FIG. 3 is a block diagram of a power supply that generates a pulsed electric field.

FIG. 4 is a diagram showing an example of arrangement of other electrodes of the discharge plasma processing apparatus of the present invention.

FIG. 5 is a diagram showing an example of arrangement of other electrodes of the discharge plasma processing apparatus of the present invention.

FIG. 6 is a diagram showing an example of continuously processing a shaped product by the discharge plasma processing apparatus of the present invention.

FIG. 7 is a diagram showing an example of continuously processing a sheet-shaped or film-shaped object to be processed by the discharge plasma processing apparatus of the present invention.

FIG. 8 is a diagram showing an example of continuously or partially surface-treating a film-shaped object to be processed by the discharge plasma processing apparatus of the present invention.

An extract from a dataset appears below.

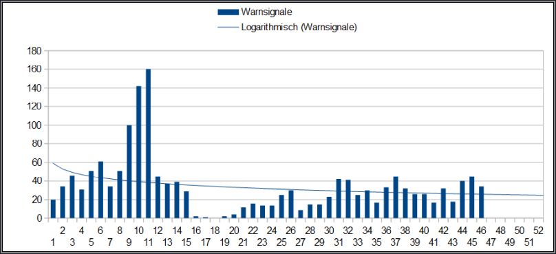 Nachfolgend die Übersicht der Warnsignale je Woche 2025. Diese liegen schon die 3. Woche über der Trendlinie. wieder klar über der Trendlinie.

FIG. 9 is a diagram showing the arrangement of a solid dielectric container, a processing gas supply unit, and an object to be processed in an example.

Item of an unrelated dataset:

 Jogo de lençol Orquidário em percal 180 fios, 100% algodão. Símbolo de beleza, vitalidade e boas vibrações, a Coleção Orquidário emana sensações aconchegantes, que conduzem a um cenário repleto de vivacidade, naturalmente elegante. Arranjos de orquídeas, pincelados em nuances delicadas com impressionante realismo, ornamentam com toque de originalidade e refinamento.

FIG. 10 is a diagram showing a contact angle of a surface-treated object in an example, the vertical axis represents the contact angle, and the horizontal axis represents the position in the film width direction.

[Explanation of symbols]

 1 Power Supply 2 One Electrode 3 Other Electrode 4 Solid Dielectric Container 5 Object to be Processed 6 Gas Inlet 7 Discharge Plasma Projecting Port 8 Processing Gas Supply Machine 9 Movable Jig 10 Movable Jig

─────────────────────────────────────────────────── ─── Continuation of the front page (51) Int.Cl. ⁶ Identification code Internal reference number FI Technical display location H05H 1/46 C08J 7/00 306 // C08J 7/00 306 H01L 21/302 B

Claims (8)

[Claims] 1. A discharge plasma processing method, characterized in that discharge plasma generated in an inert gas is caused to project toward the treated portion while supplying the treated gas to the treated portion. 2. A state in which an inert gas is circulated in a solid dielectric container provided with one electrode and a discharge plasma projecting port,
A discharge plasma is generated by applying a voltage between the one electrode and the other electrode that forms a pair, and a processing gas is supplied toward the target portion from a direction intersecting with the protruding direction of the discharge plasma. The discharge plasma processing method according to claim 1. 3. The plasma processing method according to claim 1, wherein discharge plasma is generated by applying a pulsed voltage. 4. The plasma processing method according to claim 1, wherein the inert gas is argon and / or nitrogen. 5. A discharge comprising a solid dielectric container having one electrode disposed on an outer surface thereof and having a discharge plasma projecting port, another electrode paired with the one electrode, and a processing gas supplier. A plasma processing apparatus, wherein a discharge plasma is generated by applying a voltage between the pair of electrodes in a state where an inert gas is circulated in the solid dielectric container, and the discharge plasma The plasma processing apparatus is characterized in that it is arranged so that the projecting direction of the process gas and the process gas projecting direction of the process gas supply machine intersect. 6. The solid dielectric container and the processing gas supply device are connected to a movable jig, and the solid dielectric container and the processing gas supply device are movable while maintaining a substantially constant relative position. The plasma processing apparatus according to claim 5, which is made. 7. The plasma processing apparatus according to claim 5, wherein the object-to-be-processed moving device moves the object-to-be-processed in the vicinity of the projecting port of the discharge plasma and is exposed to the discharge plasma. 8. The plasma processing apparatus according to claim 5, wherein the voltage applied between the pair of electrodes is pulsed.